#### ACTION ITEM
In the records below, find the line that contains "随后,面试成员按笔试排名的单" and the line that contains "Журнал учета принятых". Set down exactly those lines and every line between them, and nothing more.
___ INFORMATION SHOWN
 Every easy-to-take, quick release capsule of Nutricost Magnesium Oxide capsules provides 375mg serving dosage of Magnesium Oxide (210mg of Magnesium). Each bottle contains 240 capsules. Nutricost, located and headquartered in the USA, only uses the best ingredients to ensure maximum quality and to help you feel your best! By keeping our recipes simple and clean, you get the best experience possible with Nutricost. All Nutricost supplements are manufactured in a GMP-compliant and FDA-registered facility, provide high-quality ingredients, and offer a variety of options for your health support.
______
___ INFORMATION SHOWN
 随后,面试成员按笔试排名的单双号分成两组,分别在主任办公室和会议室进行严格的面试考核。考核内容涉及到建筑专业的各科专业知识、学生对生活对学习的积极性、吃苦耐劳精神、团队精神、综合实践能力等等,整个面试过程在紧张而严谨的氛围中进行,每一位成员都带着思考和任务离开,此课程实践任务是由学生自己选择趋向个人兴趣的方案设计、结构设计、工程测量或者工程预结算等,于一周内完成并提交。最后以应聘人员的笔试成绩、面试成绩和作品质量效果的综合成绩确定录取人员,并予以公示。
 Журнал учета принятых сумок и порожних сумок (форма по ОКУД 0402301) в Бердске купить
______
#### SOLUTION TO THIS TASK
 随后,面试成员按笔试排名的单双号分成两组,分别在主任办公室和会议室进行严格的面试考核。考核内容涉及到建筑专业的各科专业知识、学生对生活对学习的积极性、吃苦耐劳精神、团队精神、综合实践能力等等,整个面试过程在紧张而严谨的氛围中进行,每一位成员都带着思考和任务离开,此课程实践任务是由学生自己选择趋向个人兴趣的方案设计、结构设计、工程测量或者工程预结算等,于一周内完成并提交。最后以应聘人员的笔试成绩、面试成绩和作品质量效果的综合成绩确定录取人员,并予以公示。
 Журнал учета принятых сумок и порожних сумок (форма по ОКУД 0402301) в Бердске купить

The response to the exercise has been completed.